Judy Mitchell, our church secretary, was working in the office in the addition opposite the West windows when this all happened. Her first posted picture of the event did not prepare me for what I saw live.

Why God Broke Our Church Windows

In hindsight, I guess nothing could have prepared me for what I saw firsthand. As much as a sanctuary can be the source of a pastor’s gray hair at times (lighting, sound and siding issues really don’t thrill us on an ongoing basis, and yes, this is true), what I felt when I entered the sanctuary is what every pastor feels when he or she enters a holy place that had been suddenly shattered: we realize what we value, and that is God. Particularly, we appreciate God’s proximity.
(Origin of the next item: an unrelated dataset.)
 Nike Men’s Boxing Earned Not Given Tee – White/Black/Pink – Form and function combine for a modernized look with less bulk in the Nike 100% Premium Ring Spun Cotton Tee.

Like Moses and the burning bush, I felt God’s physical proximity like I never have before. And God had a perfectly timed message for us. This past Sunday, May 20th, was Pentecost, the Christian festival celebrating the descent of the Holy Spirit on the disciples of Jesus after his Ascension, held on the seventh Sunday after Easter.

The descent of the Holy Spirit is upon us now as it was during that worship service where God presented God’s self through a mighty windstorm (Acts 2:1-13). Following this storm, which was similar to ours here last week, something amazing happened. Despite different languages being spoken, everyone understood everyone else in that sanctuary after the Holy Spirit blew through. For example, if you didn’t understand Hebrew being spoken, you could clearly understand that language that day.
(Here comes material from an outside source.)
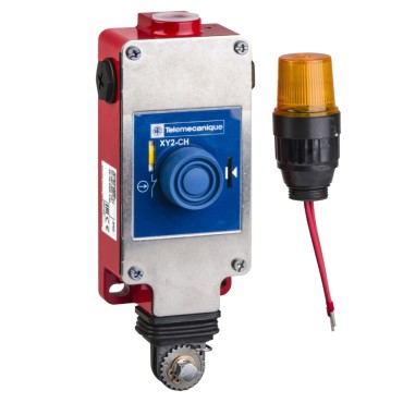Wyłączniki bezpieczeństwa XY2CH firmy Telemecanique Sensors to linkowe wyłączniki cięgnowe zatrzymania awaryjnego z blokadą, przeznaczone do pracy w układach kontrolno-sterowniczych bezpieczeństwa maszyn. Służą do monitorowania i bezpiecznej ochrony osób oraz instalacji technicznych i zapewniają możliwość wyłączenia maszyny w najwcześniejszym możliwym momencie gdy nie działa normalna funkcja wyłączenia maszyny. Wyłączniki linkowe z cięgnem pozwalają w dowolnym miejscu stanowiska roboczego zatrzymać maszynę lub proces produkcyjny, poprzez pociągnięcie cięgna wyłącznika za pomocą linki rozciągniętej wzdłuż stanowiska roboczego. Wyłączenie następuje również w przypadku zerwania linki bezpieczeństwa. Punkt zaczepienia cięgna roboczego może być z prawej lub lewj strony (przez obrócenie wyłącznika). Urządzenia wyposażone są w niebieski przycisk kasowania ręcznego (w zależności od wersji może być przycisk kryty, przycisk okapturzony, dłoniowy lub dłoniowy z kluczem. Wyłączniki linkowe zatrzymania awaryjnego serii XY2CH mogą być stosowane do rozwiązań z linką bezpieczeństwa o maksymalnej długości 30 m. Wykonane są w metalowej obudowie z Zamaku, w kolorze czerwonym, z metalową nierdzewną pokrywą w kolorze szarym. Akcesoria do montażu jak linki, wsporniki, śruby rzymskie i sprężyny końcowe należy zamawiać oddzielnie.

That same multilingual Spirit is still blowing through today. Churches with this Spirit realize unintentional yet present compartmentalization—an “us” and “them” mentality. We don’t stay divided, or different. For instance, denominational lines that were once key during the Reformation are becoming thinner and thinner each year creating one ecumenical language, not dozens of them. This unified language isn’t sudden. It’s been happening for generations now says Phyllis Tickle, author of The Great Emergence. It’s only now that we are beginning to see it.

First Congregational-UCC isn’t the only church aware of other “languages” spoken; in the heart of every Christian is the awareness of all individuals, not just those who think, pray and respond as if in a club with monovision. It is not and will not always be easy to be radically inclusive of all, but Tickle, chronicles the struggles of church conflict since its inception, makes those who love Jesus also value the history lessons we are still learning from having 2,000 years of conflict resolution.

Loving out loud is never easy. It never will be. But that doesn’t mean we stop. Instead, we embrace scholarship from authors like Tickle and study our past so that we can love out loud even more intentionally everyone in every language out there.

God broke our church windows so that we could experience the same fresh wind of new change from a 2,000-year-old story. Let this wind find you, too.